Hi! Today I will write about boring “computer science” stuff!
Just joking, it is not boring at all and I will try to keep it as simple as possible -I can just hear my best friends laughing at this statement, because every time I say something like “it is easy to see” or “as simple as possible” then it happens that a huge wicked formula appears, but it is not my fault 🙂 I can’t help it.
Ok, are you ready? Let’s start.

Last month I attended a workshop on Reversibility and product-forms in Markov Chains at the Ca’ Foscari University in Venice and I presented the Entangλe framework.
You can find the slides here.

What is Entangλe?
In the about me I wrote that I am currently working on model checking of quantum protocols so… this is one of my first output as a part of my Ph.D project.
To be completely honest I worked on it with my friend and, I hope, perspective talented colleague Leonardo and with my supervisors.

Anyways, Entangλe is a framework that links together Quipper , a programming language that wants to simplify the art of programming quantum protocols and QPMC , a model checker for quantum protocols. I will not focus here on the details of model checking or quantum programming, I prefer to post a very basic tutorial about them in the future.
Why have we decided to bridge these tools? But of course, because of the lack of a unique framework allowing, on the one hand the programming and the simulation of quantum programs and on the other their formal verification.
Entangλe needs some optimisation but it is fully working, even if a bit essential by now. You may find it on Github . It takes as input Quipper code and gives in output a QPMC model.

Let’s see an easy example. One of the first algorithms we have tested is the famous Grover’s Database Search. Schematic circuit for Grover’s Database Search 1

The aim of Grover’s algorithm is that of searching for the index x of an element in a N-dimensional unstructured space. We assume N = 2n, so that the indexes are represented by n-bit strings.
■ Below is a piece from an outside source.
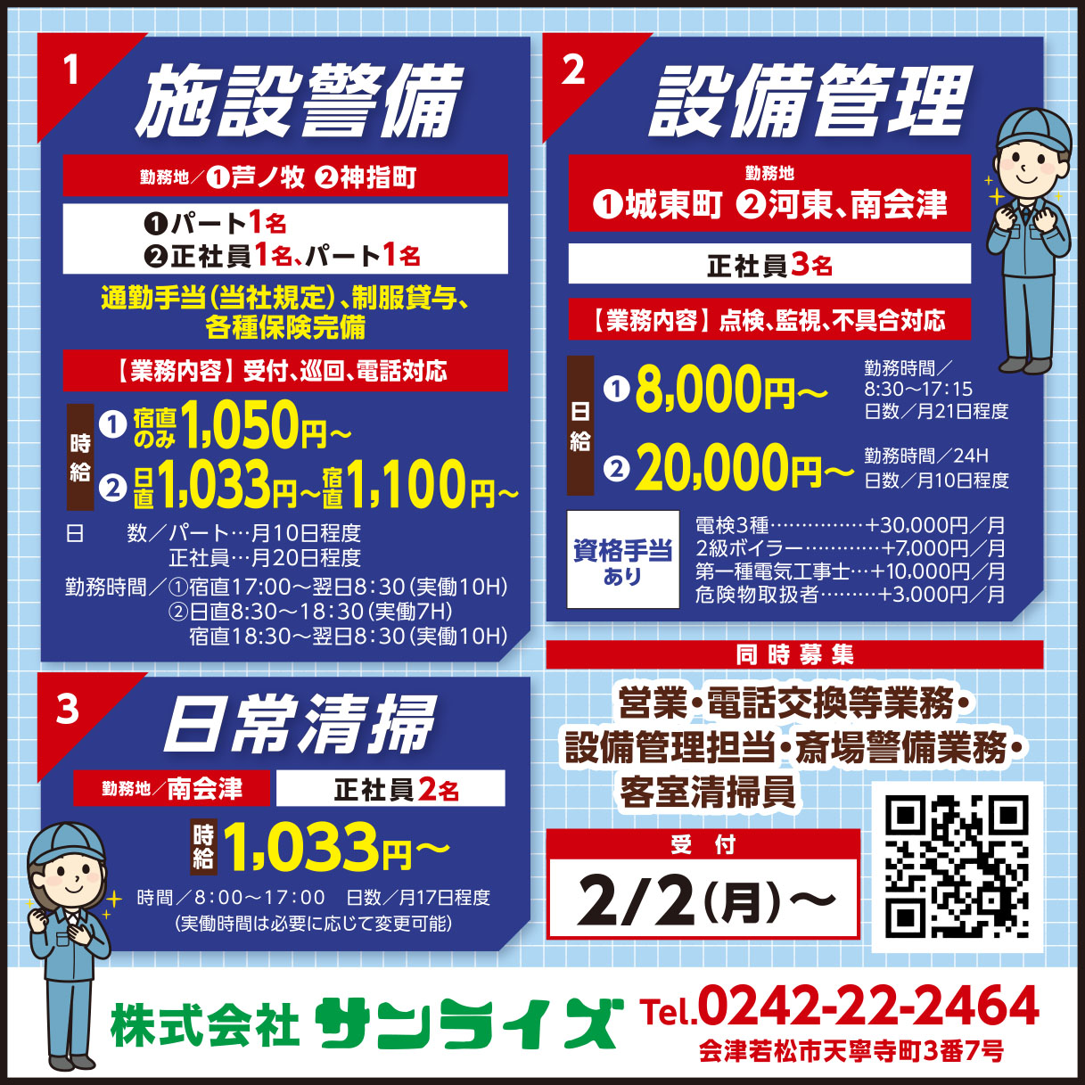 ②設備管理|①日給 8,000円〜 ②日給 20,000円〜

The algorithm solves the problem by considering a function f : {0, 1}n → {0, 1} such that f(x) = 1 if and only if x is a solution. This problem can be solved by a quantum computer more efficiently than by a classical one (even if the speedup is not astonishing in this case).

Anyway in a short tutorial I will show a better description of quantum algorithms. Let’s now focus on Entangλe.

For the experiment we decided to use a search space of size N = 4 with the oracle returning the string x = 3, i.e. in this case the oracle is a cc-not gate and the circuit looks like this: Grover ‘s algorithm for N=4 search space 2

How do we make it work with Entangλe? Ok, be sure to download it from Github . First of all you must install Quipper ! You can find all the essentials here in the Downloading-Installing sections.
Second, enter the entangle folder you have downloaded and open the Main.hs file, located in the src folder.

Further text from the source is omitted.